Authentication can be achieved through a password, an identity file, or both. It is important to note that the GitLab Runner does not automatically read identity files from the default ~/.ssh/id_rsa location; the path must be explicitly defined in the configuration.
Comparative Analysis of Deployment Methods
When deciding between using an SSH-based deployment script within a Docker executor and using the SSH executor, the choice depends on the desired level of isolation and the build requirements.
| Method | Docker Executor + SSH Scripts | SSH Executor |
|---|---|---|
| Isolation | High (Containerized) | Low (Runs directly on host) |
| Caching | Supported | Not supported |
| Flexibility | High (Can use any image) | Limited (Bash only) |
| Setup Complexity | Medium (Requires key config) | Low (Configured in Runner) |
| Security | High (Ephemeral environment) | Medium (Persistent host access) |
Advanced Troubleshooting and Operational Best Practices
To ensure a robust deployment pipeline, several operational safeguards should be implemented.

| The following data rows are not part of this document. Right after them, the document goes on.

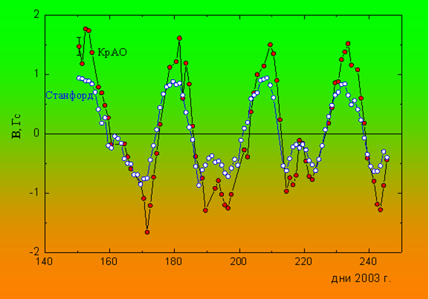 Общее магнитное поле впервые стали наблюдать на БСТ-1 в 1968 г. Для этого солнечный пучок направляли с целостатной системы прямо на щель спектрографа. Значения этого поля оказались небольшими - как правило не более 2 гаусс по абсолютной величине. Для регистрации таких значений необходим высокочувствительный магнитограф. Кроме этого, оказалось, что для уверенной регистрации такого слабого сигнала нужно проводить измерения как в магниточувствительной линии, например, в Fe I 525.0 нм, так и в линии, полностью нечувствительной к магнитному полю, например, Fe I 512.4 нм. Это позволяет правильно учесть "ноль" магнитографа и получить истинную величину магнитного поля. Измерения общего магнитного поля в дальнейшем стали проводиться и в других обсерваториях - Маунт Вилсон, Станфорд, Иркутск, Сезерленд, Китт-Пик. Современный каталог общего магнитного поля включает более 20 тысяч суточных измерений с 1968 г. по настоящее время. На рисунке показан пример одновременных измерений ОМП летом 2003 г. в двух обсерваториях - КрАО (красный цвет) и Станфорд (белый цвет). Данные очень хорошо коррелируют друг с другом, хотя есть отличия в абсолютных величинах поля, вызванных особенностями инструментов и калибровкой измерений. |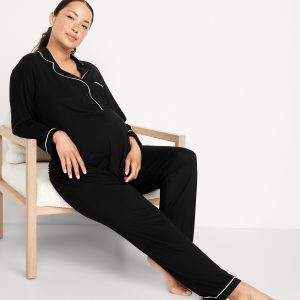 Maternity Classic Pajama Set: set includes pajama shirt and matching pants, notched collar, long sleeves, three-button popover placket, patch chest pocket, foldover-waist pajama pants for pull-on styling, #601460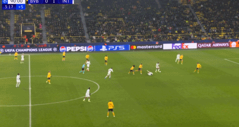 比賽開(kāi)打之后第9分鐘,多特蒙德創(chuàng)造出了一次極具威脅的射門機(jī)會(huì),吉拉西門前接到隊(duì)友似傳似射的傳球,獲得了直接和門將一對(duì)一的機(jī)會(huì),可惜打門綿軟無(wú)力被索默輕松將球沒(méi)收,錯(cuò)失了取得夢(mèng)幻開(kāi)局的絕佳機(jī)會(huì),逃過(guò)一劫的國(guó)米,5分鐘之后通過(guò)反擊給了迪馬爾科禁區(qū)內(nèi)起腳的空間,后者的大力轟門被多特門將穩(wěn)穩(wěn)抱在懷中。
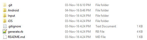 Input. This folder contains all the configuration of the app that we will work with right now. generate.rbThis will create the generate the source code of the app in the next lecture (Part 4), once we're done with the initial configuration. The rest is not really important: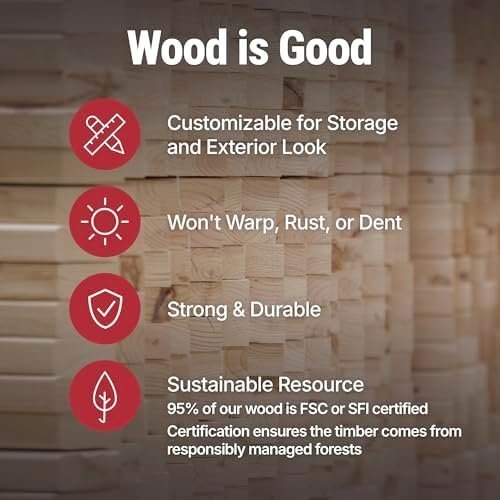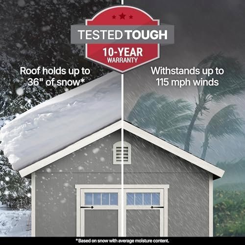 - Personalize your Storage Shed the way you want it – purchase paint and shingles (both sold separately)

One highly recommended security measure is to restrict SSH access to specific static IP addresses. By locking down the server's firewall to only allow connections from the GitLab Runner's IP range, the attack surface is significantly reduced.
When encountering the libcrypto error during key loading, the first point of inspection should always be the trailing newline in the CI variable. This is a frequent point of failure due to how different operating systems handle line endings.
Finally, for those using Debian-based images in their Docker executors, the ssh-agent must be installed and configured in the before_script to manage the keys properly. The ssh-agent allows the private key to be decrypted once and used for multiple subsequent SSH commands without needing to re-specify the key file.
Conclusion
The successful implementation of SSH within GitLab CI requires a meticulous approach to both server-side configuration and pipeline orchestration. By establishing a dedicated ci user, carefully managing asymmetric key pairs through "file" type CI/CD variables, and resolving host verification through ssh-keyscan or known_hosts management, organizations can achieve a highly efficient and secure automated deployment workflow. While the SSH executor provides a simpler path for some, the combination of Docker executors and SSH scripting offers the most flexibility and isolation, provided the practitioner adheres to the strict permissioning and formatting requirements of the SSH protocol.